A commercially available MLPA kit P060-B2 (MRC Holland) was used to quantify SMN1 copy number according to manufacturer’s directions (www.mlpa.com). The probe sequences for SMN1 exon 7 were 5′-TTTTTTTAACTTCCTTTATTTTCCTTACAGGGTTTC-3′ and 5′-AGACAAAATCAAAAAGAAGGAAGGTGCTCACATTCCTTAAATTAAGGA-3′, 5′-GTGAGCACCTTCCTTCTTTTTGATTTTGTCTA-3′ and 5′-AAACCCTGTAAGGAAAATAAAGGAAGTTAAAAAAAATAGCTA-3′ for SMN2 exon 7. The deletion range tested for SMN1 is NC_000005.9:g.70247738_70247821del, and NC_000005.9:g. 69372353_69372352 del for SMN2.

Results

Validation study

SMN1 copy-number analysis was implemented by the NGS-based method and real-time TaqMan PCR with 2255 samples simultaneously (Fig. 1a). One sample was detected with 0 copy of SMN1 with 2 methods, 69 samples were identified with 1 copy of SMN1, and 10 samples were in the “gray area” by NGS-based method. The remaining were found to be with ≥2 copies of SMN1.

Fig. 1: Results of two batches of samples collected for validation and screening.
figure 1

a Results of 2255 samples with NGS-based method and real-time PCR. b Enrollment and outcomes of samples with NGS-based SMA screening.

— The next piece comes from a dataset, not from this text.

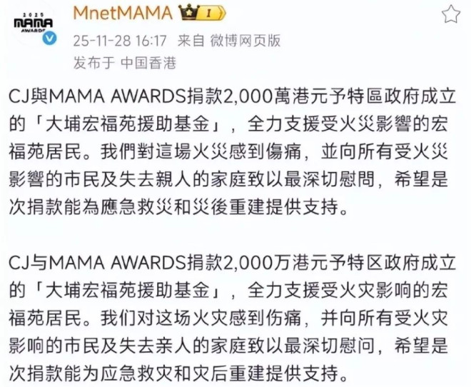 火灾发生之后,主办方捐出了2000万港元救助款项,并决定不取消原有的安排。
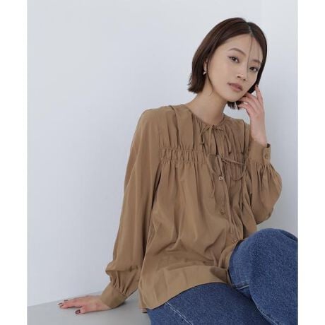 華奢なリボンがポイントのブラウス。セットインの肩幅がシルエットをすっきり見せてくれます。リボンをほどいて羽織りにも使えるデザインなので、季節の変わり目にあると便利なアイテムです。<素材>落ち感のあるしなやかな素材を使用しています。<詳細>仕様・前ボタン裏地・なし透け感・なし / 伸縮性・なし生地の厚さ・普通※モデルの着用画像の場合、光の当たり具合により、実際の色味と異なって見えることがございます。色味は、商品単体の画像をご参照ください。

For the ten samples detected as “possibly” carriers by NGS-based method who felled into the “gray area,” three samples (3/10) were verified as carriers (1 copy of SMN1) with real-time PCR, while seven samples (7/10) were found to be with two copies of SMN1. However, no sufficient samples were left to perform MLPA validation for these ten samples. As for the 2175 samples detected to be with ≥2 copies of SMN1 by NGS-based method, 2173 (2173/2175) samples were verified by real-time PCR, only 2 (2/2,175) samples were identified as carriers (1 copy of SMN1) with real-time PCR. And this inconsistency generated by the two methods was further validated with MLPA. As a result, the two samples were also detected to be with two copies of SMN1 by MLPA. As a result, the concordance between the NGS-based method and real-time PCR for the detection of SMA carrier and patient were up to 100% (Fig. 1a).

Carrier burden

The 10,585 couples (21,170 individuals) were from different areas of 5 provinces in Southern China (Supplementary Table S1), and their average age was 29 years old. In total, 10,131 couples (95.71%) provided ethnic information, 326 couples had a racial identity just for 1 partner, 128 couples were without ethnic information. Totally, 34 Chinese ethnic groups were involved. The Han ethnicity was the largest: 14,251 individuals were from the Han ethnic group, comprising 67.32% of all the samples. The remaining were the minority groups and the unknown for ethnic group, accounting for 29.92% and 2.76%, respectively (Supplementary Table S2).

Among 21,170 samples (10,585 couples), 202 of them failed to meet quality control due to low sequencing depth (the total reads of exon 7 of both SMN1 and SMN2 genes are <200) (Fig. 1b). In the remaining (20,968) samples, 85 samples were identified as “possibly” carriers (1.5 copies SMN1, gray area), which were not verified with methods other than NGS due to insufficiency of the samples. The remaining 20,883 samples were included in the followed analysis. Among the 20,883 samples, 10,309 were couples and 265 were single. Of the 20,883 individuals tested, 283 (1.4%) were identified with 1 copy of SMN1 (Fig. 1b). In our cohort, one couple was detected as carriers with an elevated risk of having an SMA affected baby. Theirs SMN2 copy number were 2 and 3, respectively. In the following carrier frequencies analysis categorized by ethnicity and regions, the 85 “possibly” carriers were eliminated.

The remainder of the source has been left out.